=== Task prompt ===
What is needed is an exact copy of the lines in the entries below from the one holding "Pizza lovers will" through the one holding "อาร์เซน่อลชนะ เบรนท์ฟอร์ด 2-0", pictures excluded.

=== Given records ===

- - - - -

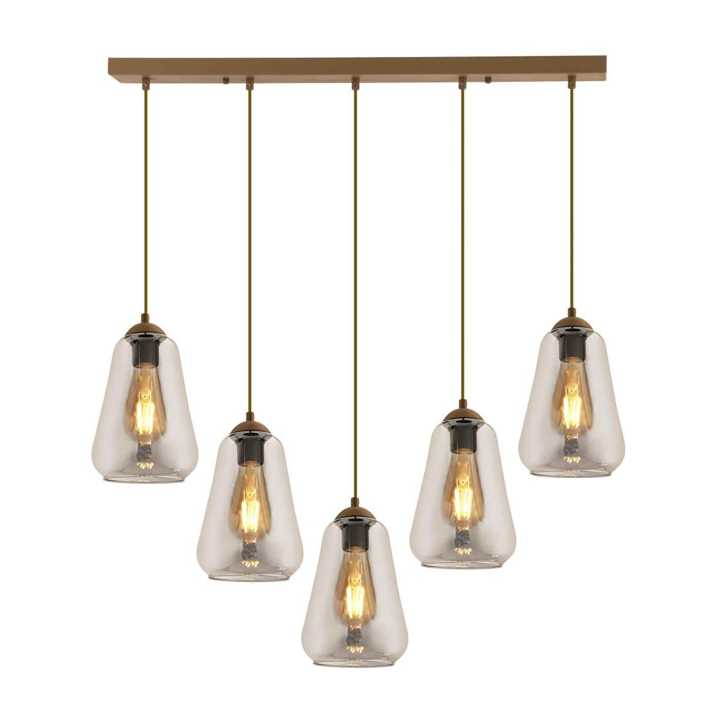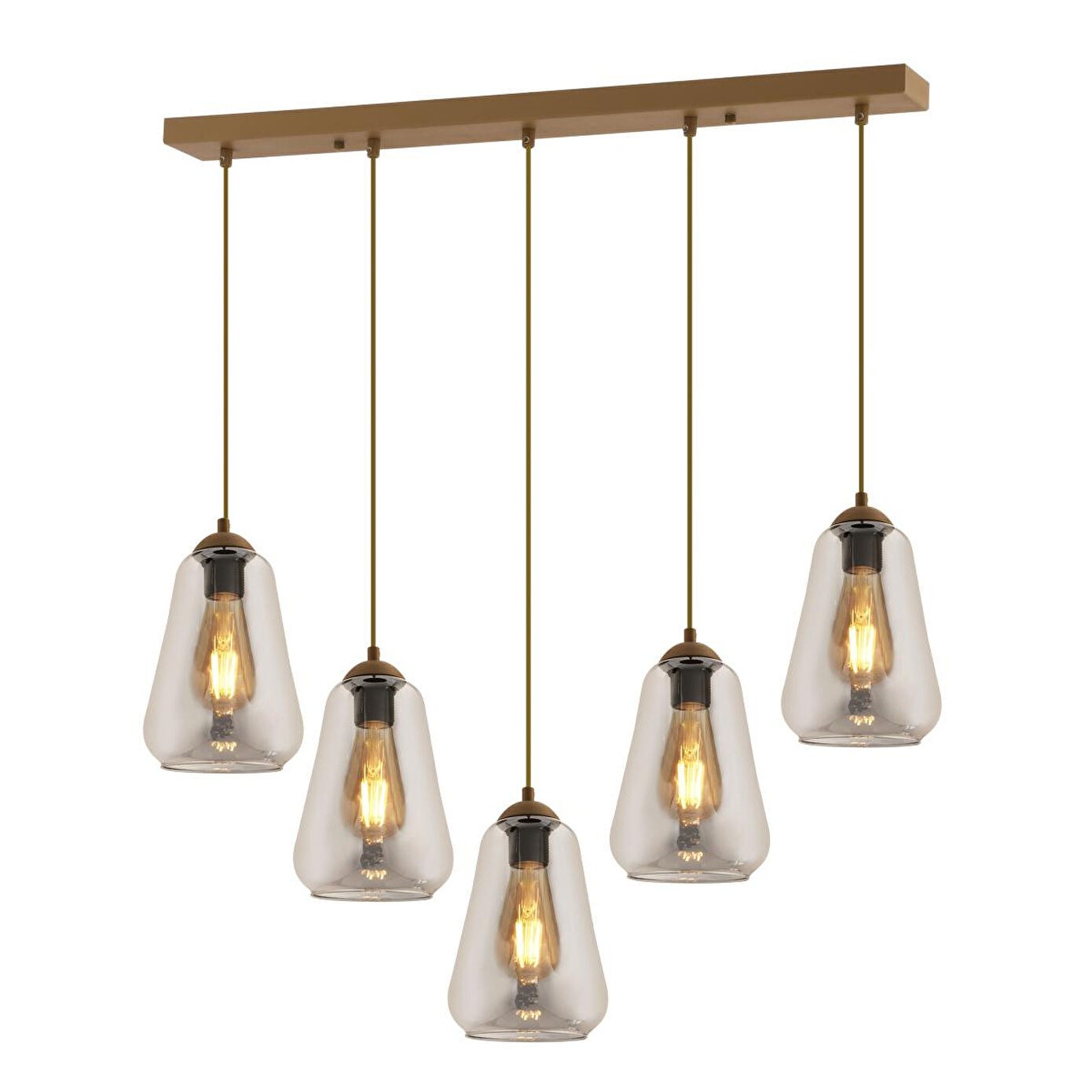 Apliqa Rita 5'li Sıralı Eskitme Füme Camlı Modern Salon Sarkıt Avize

- - - - -

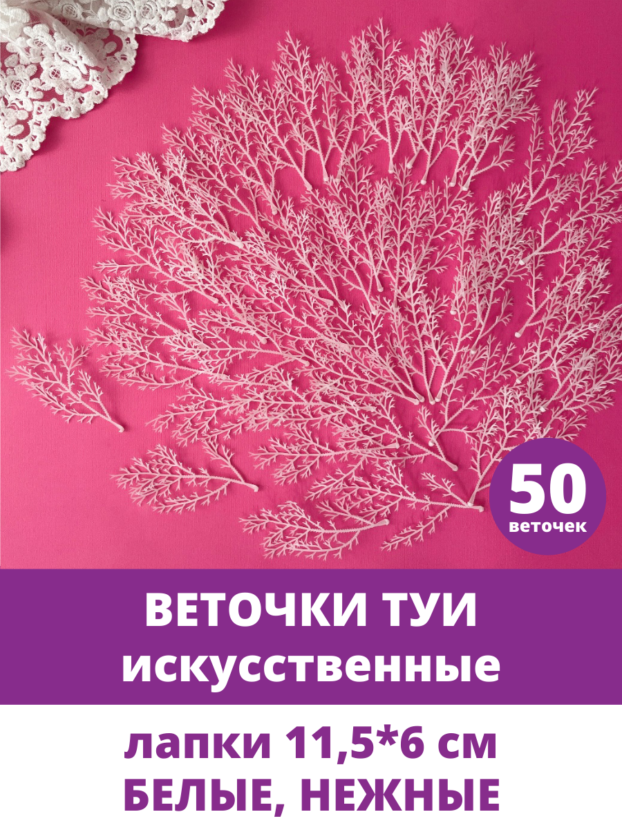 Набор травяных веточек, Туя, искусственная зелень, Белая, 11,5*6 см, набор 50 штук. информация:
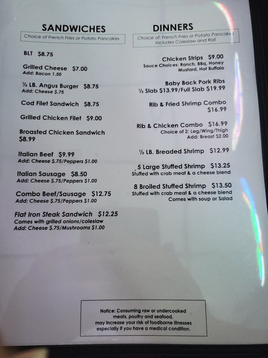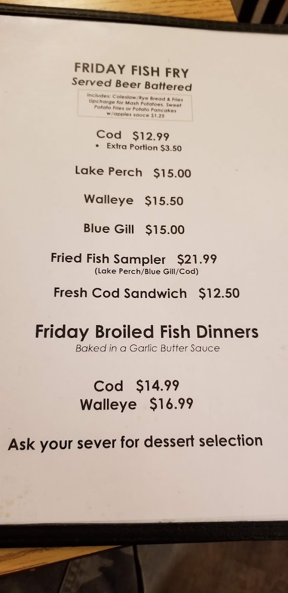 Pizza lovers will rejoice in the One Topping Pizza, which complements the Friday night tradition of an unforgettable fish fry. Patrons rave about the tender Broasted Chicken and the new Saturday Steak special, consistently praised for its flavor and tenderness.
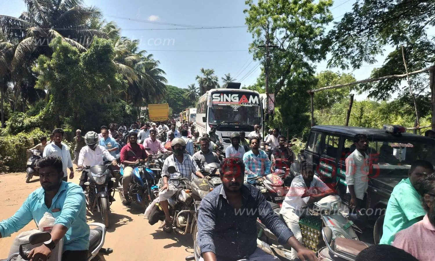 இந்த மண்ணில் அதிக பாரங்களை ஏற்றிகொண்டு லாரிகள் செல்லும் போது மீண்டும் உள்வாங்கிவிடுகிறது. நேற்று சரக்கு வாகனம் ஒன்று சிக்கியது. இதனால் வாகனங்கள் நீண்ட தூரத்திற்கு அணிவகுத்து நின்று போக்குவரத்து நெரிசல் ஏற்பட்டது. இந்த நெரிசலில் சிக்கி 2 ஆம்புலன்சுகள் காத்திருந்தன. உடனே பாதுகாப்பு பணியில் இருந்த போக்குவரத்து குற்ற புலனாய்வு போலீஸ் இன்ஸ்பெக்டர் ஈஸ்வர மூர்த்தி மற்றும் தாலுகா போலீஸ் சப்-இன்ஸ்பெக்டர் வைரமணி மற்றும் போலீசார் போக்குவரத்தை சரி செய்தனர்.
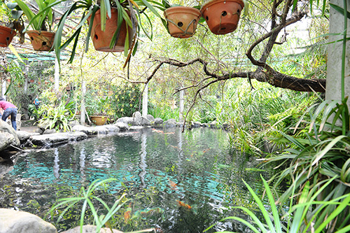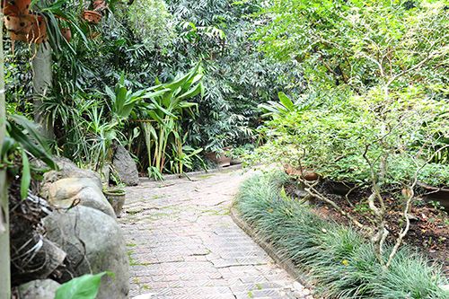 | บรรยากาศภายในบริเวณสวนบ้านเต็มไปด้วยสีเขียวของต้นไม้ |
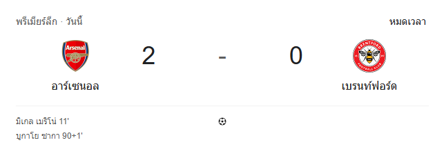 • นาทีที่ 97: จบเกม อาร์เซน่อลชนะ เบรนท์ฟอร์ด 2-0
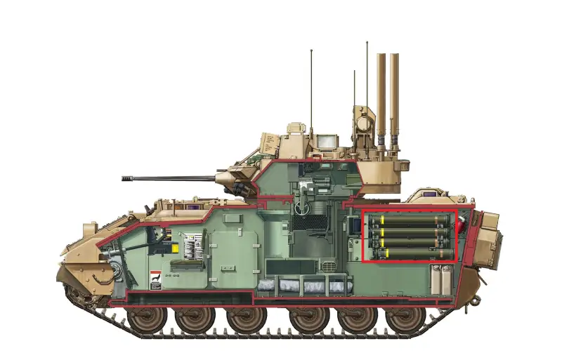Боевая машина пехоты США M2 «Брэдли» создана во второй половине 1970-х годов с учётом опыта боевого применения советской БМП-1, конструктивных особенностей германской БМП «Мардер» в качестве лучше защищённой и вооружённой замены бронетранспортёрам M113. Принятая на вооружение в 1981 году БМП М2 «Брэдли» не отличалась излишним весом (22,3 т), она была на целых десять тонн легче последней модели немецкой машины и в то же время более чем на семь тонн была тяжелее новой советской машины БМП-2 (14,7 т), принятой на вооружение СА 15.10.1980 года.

- - - - -

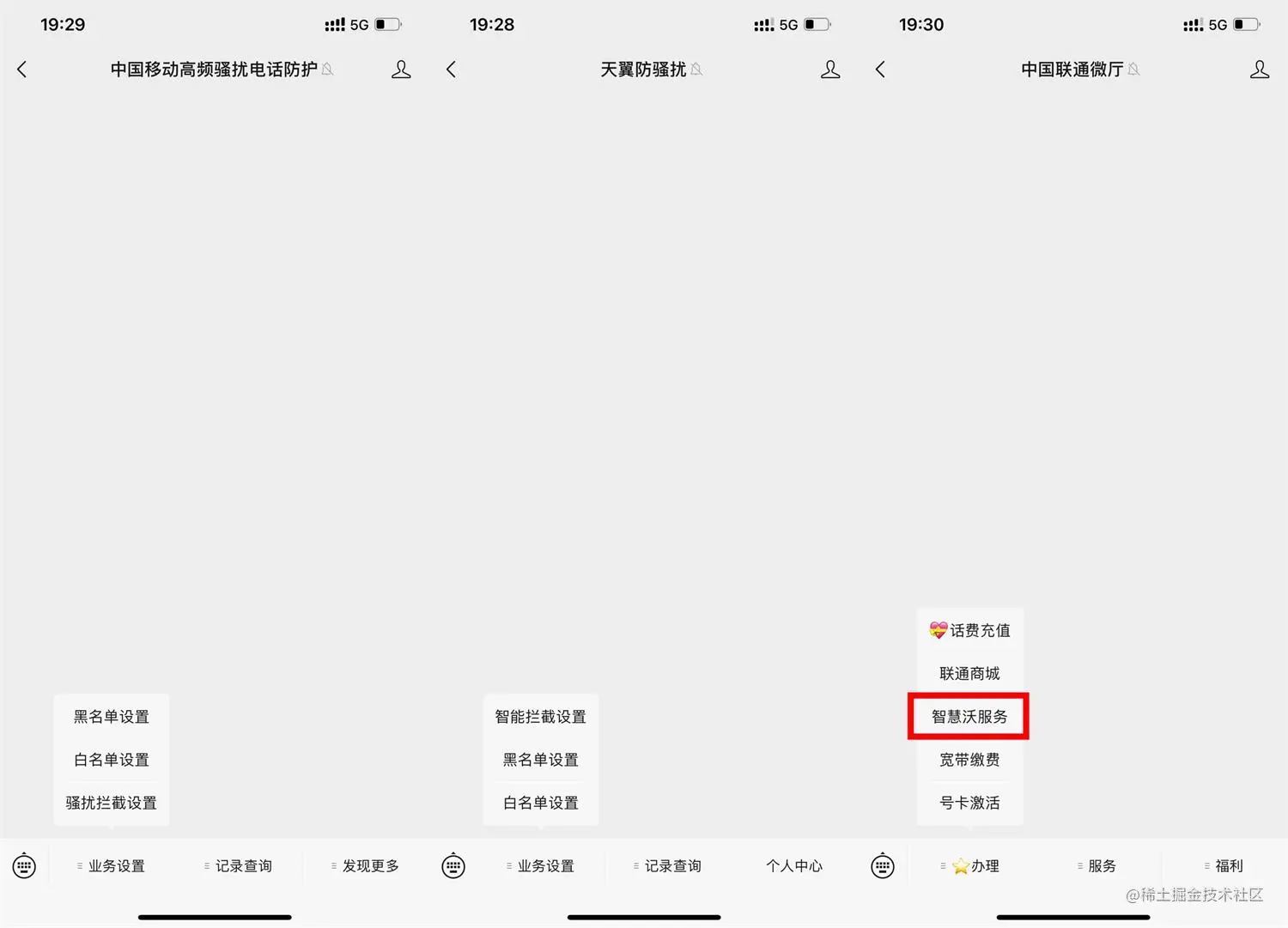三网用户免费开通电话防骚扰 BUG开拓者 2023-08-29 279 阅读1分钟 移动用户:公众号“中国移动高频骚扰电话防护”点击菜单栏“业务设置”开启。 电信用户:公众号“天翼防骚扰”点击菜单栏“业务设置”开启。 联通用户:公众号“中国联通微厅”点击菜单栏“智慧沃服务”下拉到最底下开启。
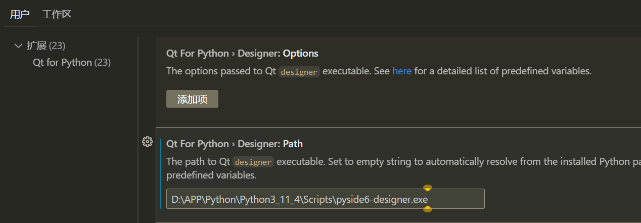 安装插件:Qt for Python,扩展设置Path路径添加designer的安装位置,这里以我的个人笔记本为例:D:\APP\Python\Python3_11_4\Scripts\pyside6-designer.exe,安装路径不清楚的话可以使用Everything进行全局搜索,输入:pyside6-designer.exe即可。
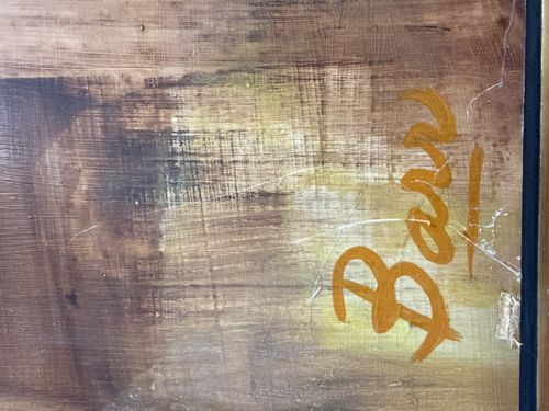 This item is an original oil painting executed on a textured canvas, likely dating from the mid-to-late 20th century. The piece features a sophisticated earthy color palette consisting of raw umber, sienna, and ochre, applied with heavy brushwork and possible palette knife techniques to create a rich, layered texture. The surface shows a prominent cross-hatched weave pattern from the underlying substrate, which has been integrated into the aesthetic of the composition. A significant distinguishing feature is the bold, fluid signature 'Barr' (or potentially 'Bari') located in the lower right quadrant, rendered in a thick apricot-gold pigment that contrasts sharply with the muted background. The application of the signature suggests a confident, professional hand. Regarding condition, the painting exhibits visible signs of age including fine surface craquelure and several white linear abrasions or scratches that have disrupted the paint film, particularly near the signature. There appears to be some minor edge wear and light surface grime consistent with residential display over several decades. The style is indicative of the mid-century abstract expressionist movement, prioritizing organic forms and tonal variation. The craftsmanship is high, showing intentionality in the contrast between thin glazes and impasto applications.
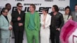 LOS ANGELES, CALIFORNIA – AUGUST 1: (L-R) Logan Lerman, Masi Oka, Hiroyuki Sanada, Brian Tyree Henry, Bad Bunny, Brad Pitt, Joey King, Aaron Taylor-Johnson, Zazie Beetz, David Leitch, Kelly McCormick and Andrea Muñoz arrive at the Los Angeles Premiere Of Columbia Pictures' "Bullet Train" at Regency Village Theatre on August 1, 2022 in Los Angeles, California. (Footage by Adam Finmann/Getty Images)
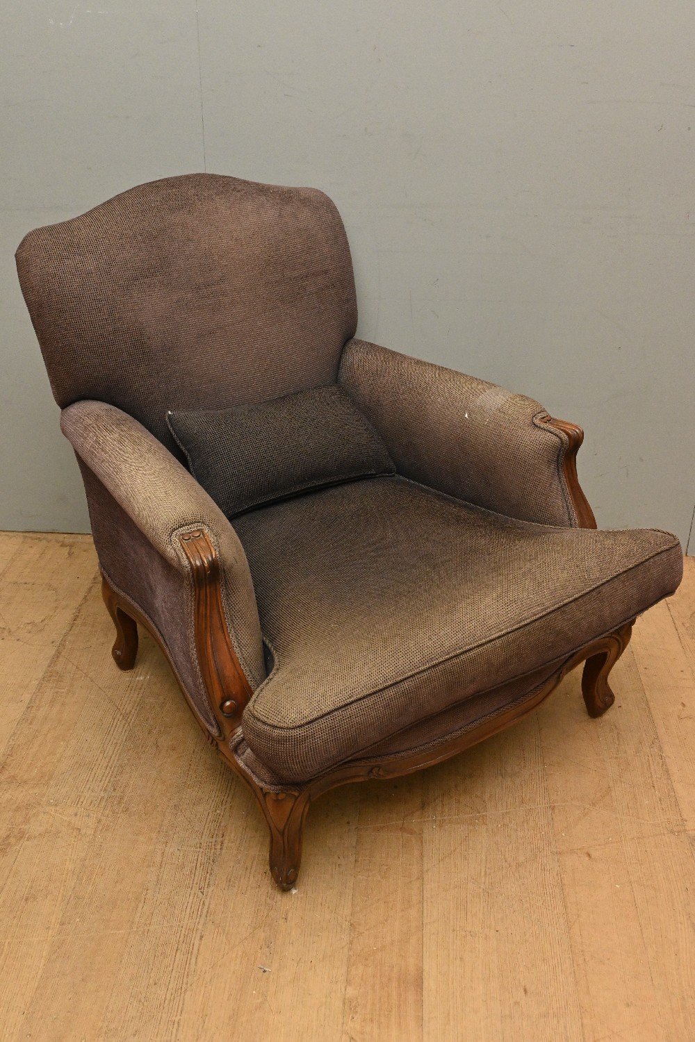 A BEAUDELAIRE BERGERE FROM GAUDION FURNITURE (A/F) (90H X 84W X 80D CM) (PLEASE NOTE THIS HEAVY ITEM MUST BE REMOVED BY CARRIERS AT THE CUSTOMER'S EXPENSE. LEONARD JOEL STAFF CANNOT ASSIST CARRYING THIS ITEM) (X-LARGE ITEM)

- - - - -

=== Exercise solution ===
 Pizza lovers will rejoice in the One Topping Pizza, which complements the Friday night tradition of an unforgettable fish fry. Patrons rave about the tender Broasted Chicken and the new Saturday Steak special, consistently praised for its flavor and tenderness.
 இந்த மண்ணில் அதிக பாரங்களை ஏற்றிகொண்டு லாரிகள் செல்லும் போது மீண்டும் உள்வாங்கிவிடுகிறது. நேற்று சரக்கு வாகனம் ஒன்று சிக்கியது. இதனால் வாகனங்கள் நீண்ட தூரத்திற்கு அணிவகுத்து நின்று போக்குவரத்து நெரிசல் ஏற்பட்டது. இந்த நெரிசலில் சிக்கி 2 ஆம்புலன்சுகள் காத்திருந்தன. உடனே பாதுகாப்பு பணியில் இருந்த போக்குவரத்து குற்ற புலனாய்வு போலீஸ் இன்ஸ்பெக்டர் ஈஸ்வர மூர்த்தி மற்றும் தாலுகா போலீஸ் சப்-இன்ஸ்பெக்டர் வைரமணி மற்றும் போலீசார் போக்குவரத்தை சரி செய்தனர்.
 | บรรยากาศภายในบริเวณสวนบ้านเต็มไปด้วยสีเขียวของต้นไม้ |
 • นาทีที่ 97: จบเกม อาร์เซน่อลชนะ เบรนท์ฟอร์ด 2-0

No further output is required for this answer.